Slow workers respawn due to race condition in 4.x
sitano opened this issue · comments
Describe the bug
When something issues a worker restart in 4.x it takes up to Const::WORKER_CHECK_INTERVAL
(=5 seconds by default) for the manager process to respawn a worker. That is too much time for a worker to be absent under load.
To Reproduce
Kill a worker. Observe its absence up to Const::WORKER_CHECK_INTERVAL with ps aux
.
Expected behavior
Respawn a worker as soon as the parent observed SIGCHLD.
** Example **
I, [2022-12-22T17:22:52.304877 #89305] INFO : Worker idle timeout of 15 reached. Exiting... pid=89305
I, [2022-12-22T17:22:52.305826 #88491] INFO : spawned <-- wasted check_workers spawn
... nothing happens here....
I, [2022-12-22T17:22:57.318201 #88491] INFO : before spawn <-- next round
I, [2022-12-22T17:22:57.325574 #88491] INFO : forked
I, [2022-12-22T17:22:57.325631 #88491] INFO : hooks
I, [2022-12-22T17:22:57.325647 #88491] INFO : done
I, [2022-12-22T17:22:57.325678 #88491] INFO : spawned
I, [2022-12-22T17:22:57.328877 #89334] INFO : Server queue_requests=true, idle_timeout=10 pid=89334
[88491] - Worker 0 (pid: 89334) booted, phase: 0
Reason
Race condition in between receiving "t" command, the worker process actually exiting (SIGCHLD), and the parent checking over dead workers.

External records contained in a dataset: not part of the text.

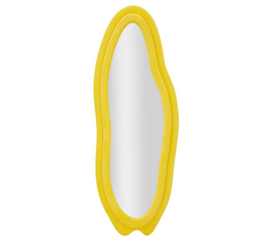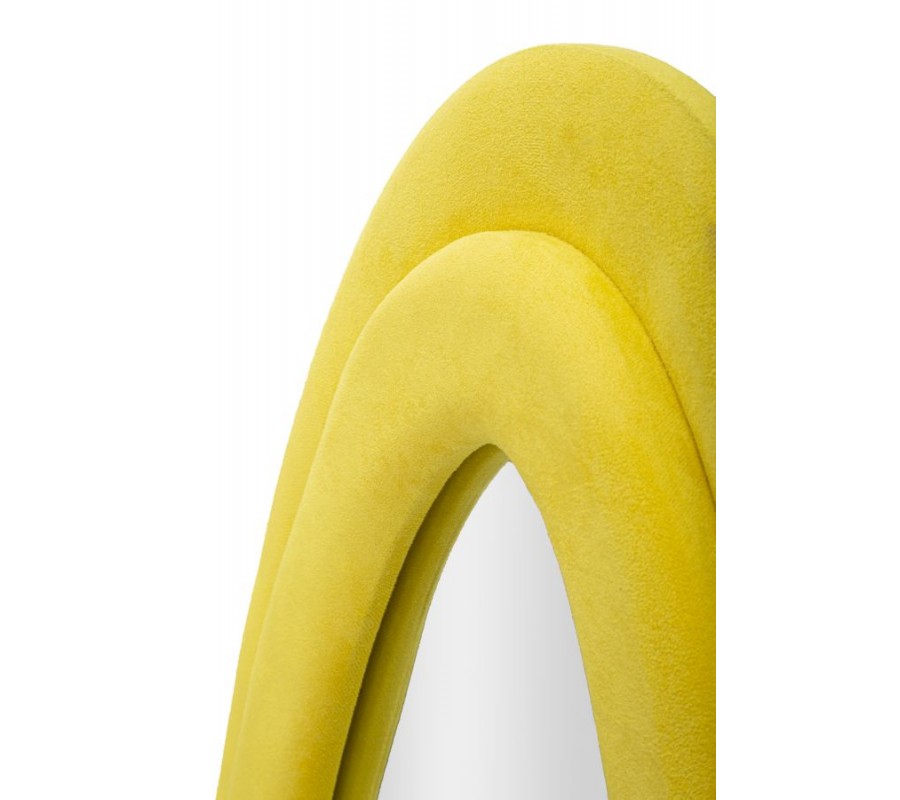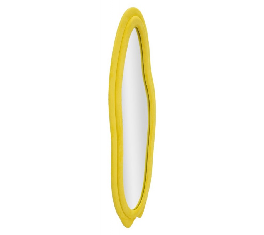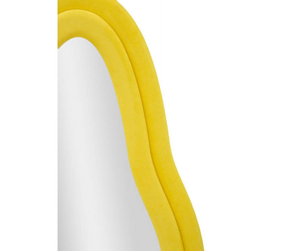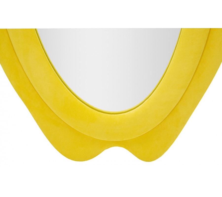 Zrkadlo Wavey pôsobí ako umelecký objekt – jeho originálny nepravidelný vlnitý tvar evokuje prírodné línie a pohyb vody, čím vnáša do interiéru hravosť a vizuálnu dynamiku. Dvojitý rám zrkadla vytvára zaujímavý hĺbkový efekt, ktorý zvýrazňuje jeho tvar a robí z neho pútavý stredobod miestnosti. Poťah rámu je zhotovený z jemného semišovo zamatového materiálu v jasne žltom odtieni, ktorý zrkadlu dodáva mäkký lesk a moderný, energický výraz.
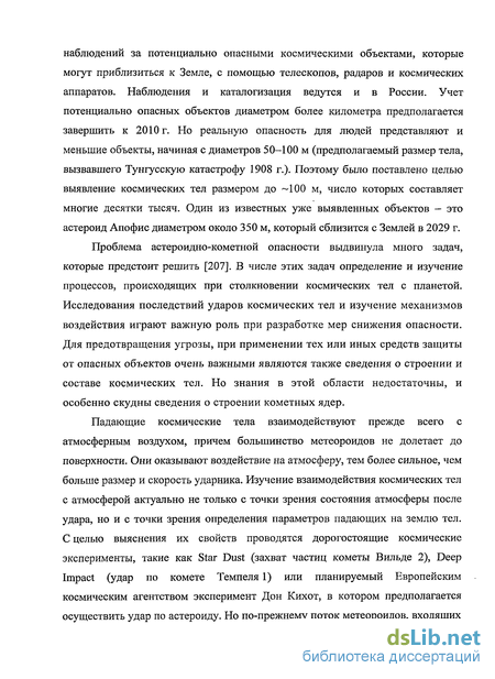 Проблема астероидно-кометной опасности выдвинула много задач, которые предстоит решить [207]. В числе этих задач определение и изучение процессов, происходящих при столкновении космических тел с планетой. Исследования последствий ударов космических тел и изучение механизмов воздействия играют важную роль при разработке мер снижения опасности. Для предотвращения угрозы, при применении тех или иных средств защиты от опасных объектов очень важными являются также сведения о строении и составе космических тел. Но знания в этой области недостаточны, и особенно скудны сведения о строении кометных ядер.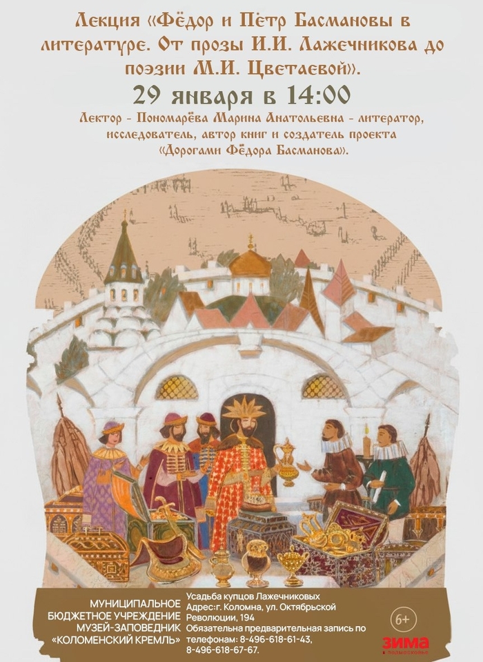 "Дорогие друзья! Приглашаем всех на очередную лекцию Марины Анатольевны Пономарёвой «Фёдор и Пётр Басмановы в литературе. От прозы И.И.Лажечникова до поэзии М.И.Цветаевой». К грозненской эпохи обращались художники, композиторы, литераторы, режиссеры. Писатель и исследователь, автор специального проекта «Дорогами Фёдора Басманова»предлагает поговорить не только о драме И.И. Лажечникова «Опричник», но и вспомнить пьесу А.Н.Толстого «Орел и орлица», стихи поэтов XX века и прикоснуться к яркой, уникальной истории сына Фёдора Петра Басманова – любимого персонажа драматургов XIX века. Лекция состоится в рамках работы выставки «День на государевом дворе», которая 1 февраля завершит свою работу! Ждем всех желающих во флигеле усадьбы!"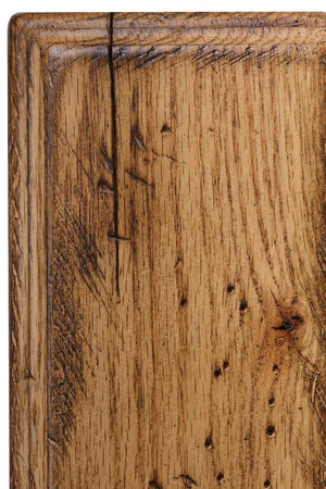 Antiquated Natural on Rustic Oak. Nicks, rounded corners, random filed edges, and light glazing. Unique irregularities such as knots and other small imperfections. Open knots are filled with black epoxy unless otherwise specified. (available in all Oak colors – Not available on all pieces). 3"x 5" sample. It can be returned for full credit.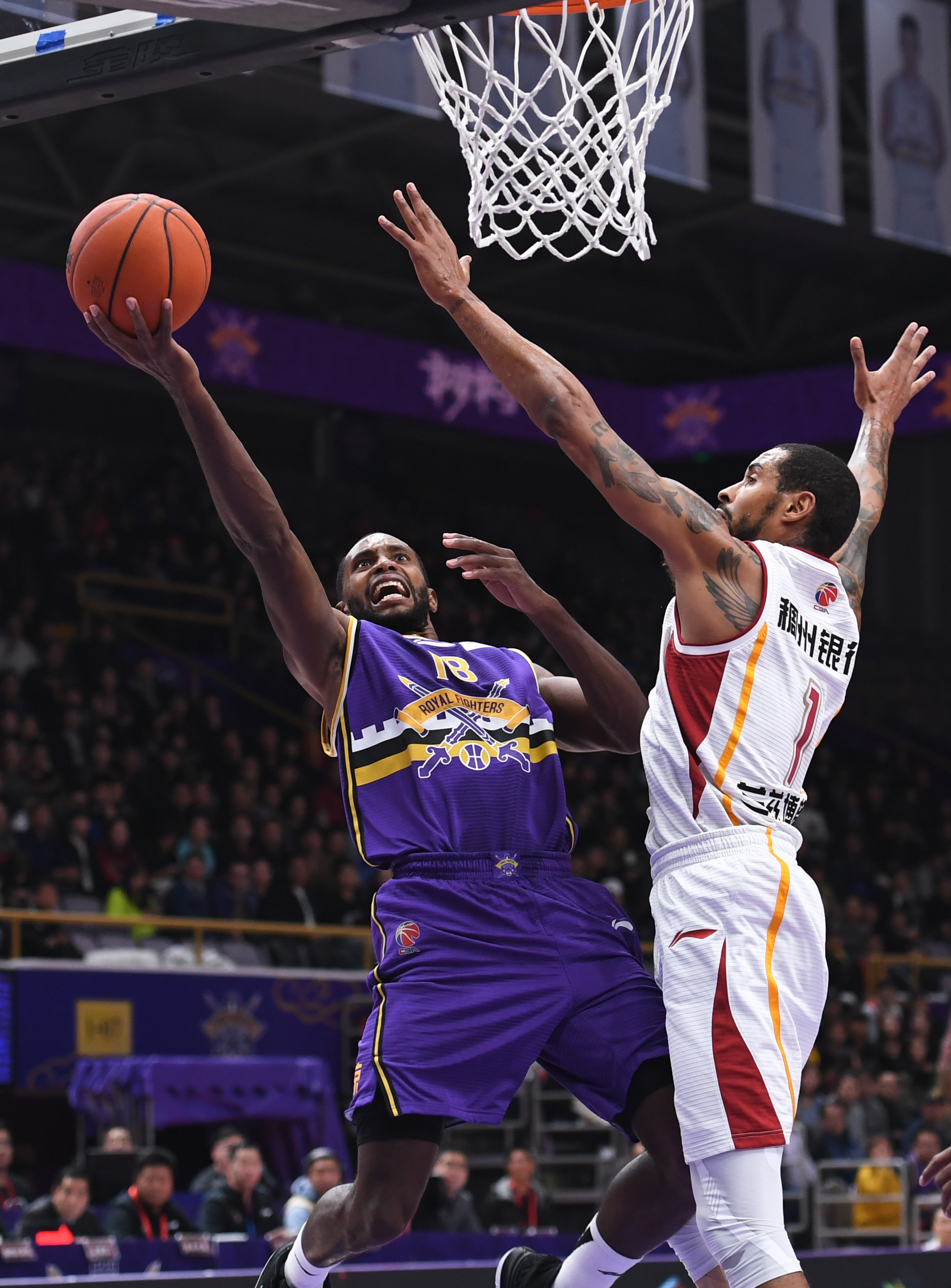 11月14日,北京控股队球员弗格(左)在比赛中上篮。当日,在2019-2020赛季中国男子篮球职业联赛(CBA)常规赛第五轮比赛中,北京控股队主场以107比104战胜浙江稠州银行队。新华社发(任超摄)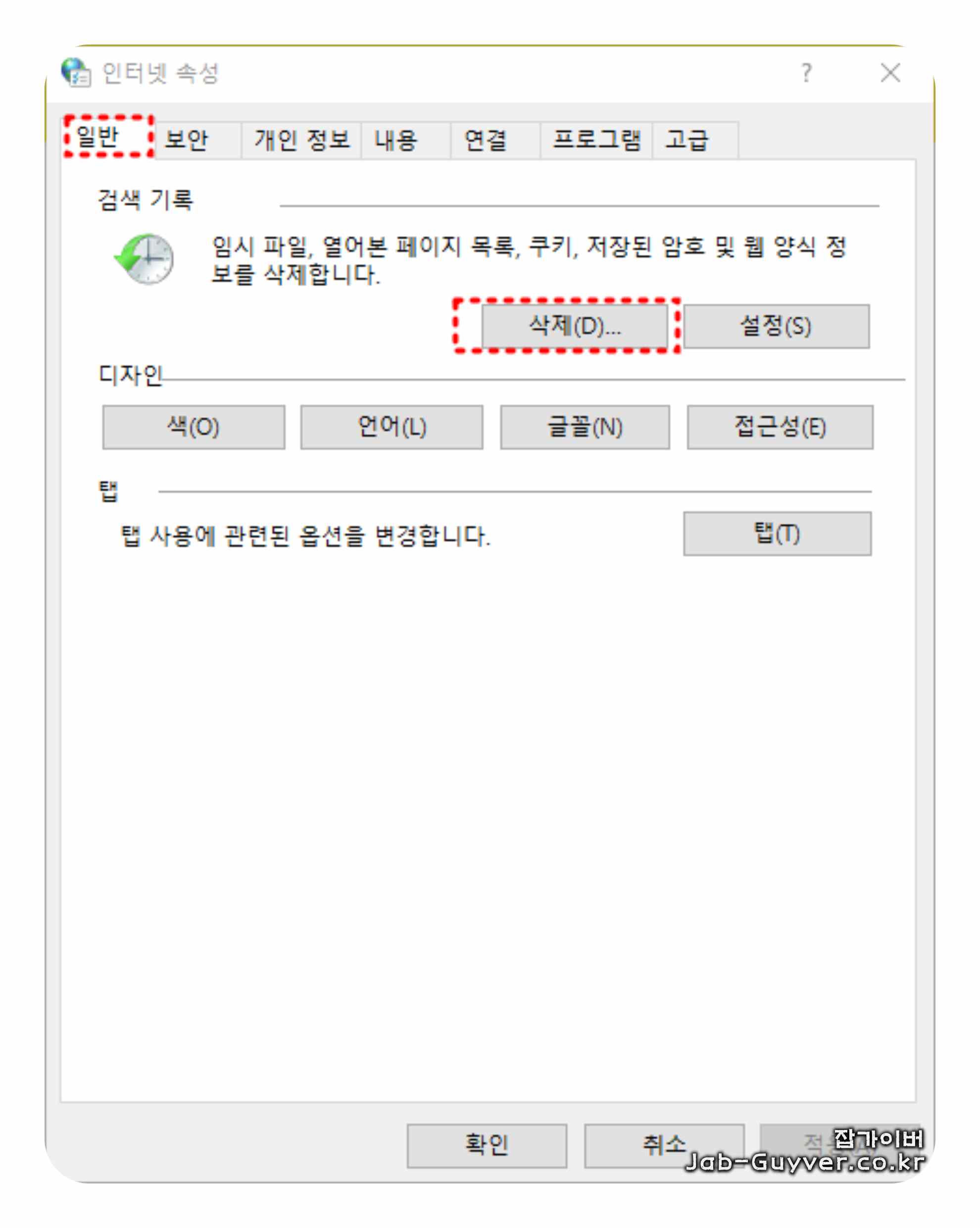추가 후에는 일반 탭에서 검색 기록을 정리합니다.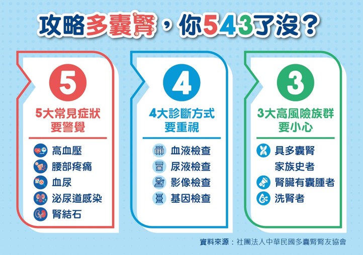 為了幫助患者及早揪出多囊腎,掌握黃金控制期,中華民國多囊腎腎友協會特別在9月4日世界多囊腎關注日前,宣導「攻略多囊腎,你543了沒?」口訣!提醒民眾出現『高血壓、腰部疼痛、血尿、泌尿道感染、腎結石』這五大常見症狀,盡速就醫進行『影像、血液、尿液、基因』上述四種診斷檢查,特別是『具家族史、腎臟有囊腫、洗腎者』這三大高風險族群,更要提高警覺。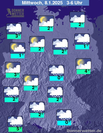 In der Nacht zum Mittwoch sind in der Nordhälfte noch einzelne Schneeregen- oder Schneeschauer möglich, im weiteren Verlauf nachlassend. Südlich des Mains kommen in den frühen Morgenstunden neue Regen- oder Schneefälle auf, lokal besteht Glättegefahr!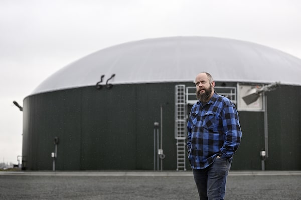 George Dick, owner and operator of Dicklands Biogas, stands in front of the digesters in Chilliwack, B.C., on Nov. 2, 2023.Jennifer Gauthier/The Globe and Mail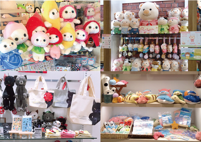 「choo choo」や「スクラッチ」など人気の猫グッズを始め、人気上昇中のぶたの「ぷーとん」、ぬいぐるみ専用コスチューム「プラッシュコスチューマー」など、ぬいぐるみからステーショナリー、バッグ他、可愛らしい商品を多数販売いたします。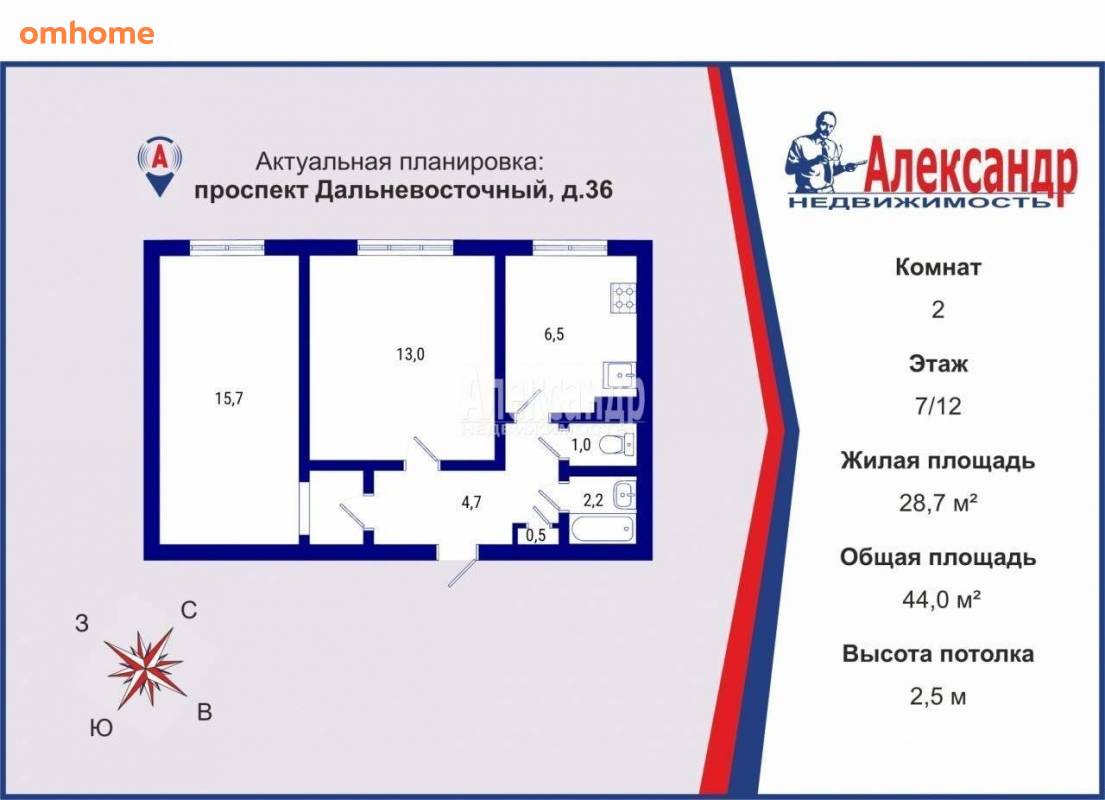 Высота потолков 2,5 м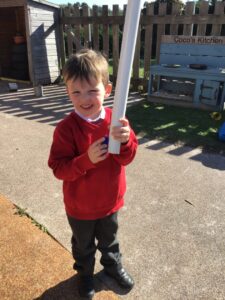 As it was Maths Week Scotland we took our learning outdoors. We discussed the vocabulary used in measure such as longer and shorter. We then made our own tower with the cubes and use this to help us measure anything we could find in the garden. There was lots of discussion and comparing of sizes.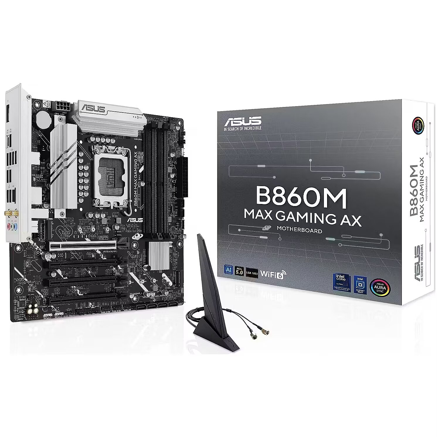 LongSummaryDescription - ASUS B860M MAX GAMING AX. Processor manufacturer: Intel, Processor socket: LGA 1851 (Socket V1), Compatible processor series: Intel Core Ultra (Series 2). Supported memory types: DDR5-SDRAM, Maximum internal memory: 256 GB, Memory slots type: DIMM. Supported storage drive interfaces: PCI Express 4.0, PCI Express 5.0, Supported storage drive types: HDD & SSD, RAID levels: 0, 1, 5, 10. Maximum resolution: 3840 x 2160 pixels. Ethernet interface type: 2.5 Gigabit Ethernet, Top Wi-Fi standard: Wi-Fi 6 (802.11ax), Wi-Fi standards: Wi-Fi 6 (802.11ax)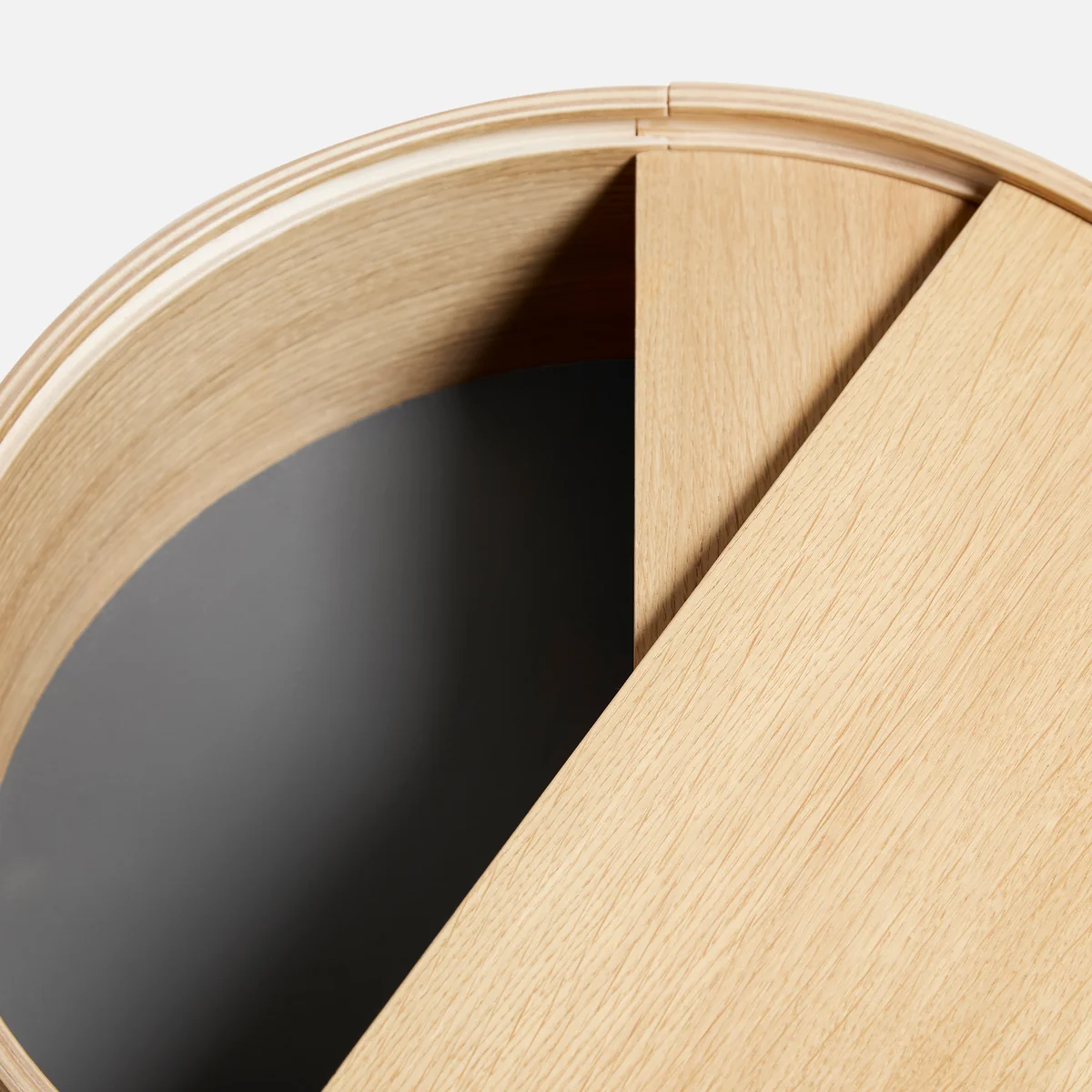 Die Tische werden aus Holz hergestellt. Durch einfaches Drehen einer Hälfte des runden Deckels ist der Look des Tisches jederzeit veränderbar. Die Oberfläche des inneren Stauraums ist mit einem glatten Nanolaminat als Ergänzung zum Holz bedeckt, während die dreibeinige Konstruktion dem geometrisch geformten Design eine spielerische und leichte Note verleiht. Im Innenraum des Tisches lassen sich die Fernbedienung, Bücher und vieles mehr verstauen, während auf der Tischplatte Vasen und andere Dekorationselement einen schönen Platz erhalten.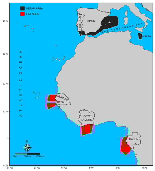 Muñoz-Lechuga, R.; Sow, F.N.; Constance, D.N.; Angueko, D.; Macías, D.; Massa-Gallucci, A.; da Silva, G.B.; Gonçalves, J.M.S.; Lino, P.G. Differentiation of Spatial Units of Genus Euthynnus from the Eastern Atlantic and the Mediterranean Using Otolith Shape Analysis. Fishes 2023, 8, 317. https://doi.org/10.3390/fishes8060317

Specifically that:
when "t"
w.term unless w.term?
force_check = true
races with check_workers force_check
and with receiving SIGCHLD
such that the check_workers can't detect the worker exit as it's not finished yet and just shots into the blue.
How to fix
Backport this patch 67f9b1f.
If I may suggest my help here, I am all yours to do that. Just let me know what you think.
I am not sure this version (4.x) is supported just posting it here to let you know.
Only last two versions are supported: https://github.com/puma/puma/blob/master/SECURITY.md
@dentarg ok. thank you for the info. then I am closing this one.